No curfew in my area yet, I have to believe that since we are technically “Working” that it may not apply to us. But what do I know, Agent Orange is the one that knows everything.


----------



## NOXDriver (Aug 12, 2018)

Delivery by paid employee is different than IC offering a delivery service. You don't have any health regulations to follow or a food service/handler certificate.

So I can see them cracking down on ICs. Practice your puppy dog eyes and hope for the best.


----------



## uberboy1212 (Jan 10, 2017)

goobered said:


> Anyone delivering in a market that has a curfew? My city is about to impose one. With exceptions being made for people travelling to/from work but I'm not sure how they will look at folks doing delivery. They are also encouraging everyone to order food for delivery so it seems like they would have to allow us to travel during curfew hours.

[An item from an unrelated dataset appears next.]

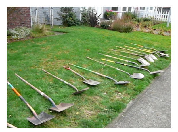
Shovels ready to plant trees.

Proper planting, care and maintenance are necessary to ensure that objectives set forth in this element are met and to sustain or enhance the quality of life in the built environment for Tacoma now and in the future. In addition, trees can be used to accomplish other land use goals and should be a significant part of Tacoma's visual identity, contributing to a special "sense of place" within the Pacific Northwest and bringing a sense of natural beauty to the built environment. Planting and protecting trees in Tacoma will help to maintain strong and healthy neighborhoods and business districts by enhancing Tacoma's identity and civic pride.

Not sure how this is going to play out.


What time is your curfew?


----------



## poppylockz (Mar 16, 2020)

I'm in Little Rock same thing our curfew is from 12am-5am. They did say if you need food they advise to use a delivery service. The only delivery service would be Uber eats here after midnight. We have the same restrictions you mentioned "must be work related reason". I do Uber, Uber eats, as well as Lyft.


----------



## uberboy1212 (Jan 10, 2017)

poppylockz said:


> I'm in Little Rock same thing our curfew is from 12am-5am. They did say if you need food they advise to use a delivery service. The only delivery service would be Uber eats here after midnight. We have the same restrictions you mentioned "must be work related reason". I do Uber, Uber eats, as well as Lyft.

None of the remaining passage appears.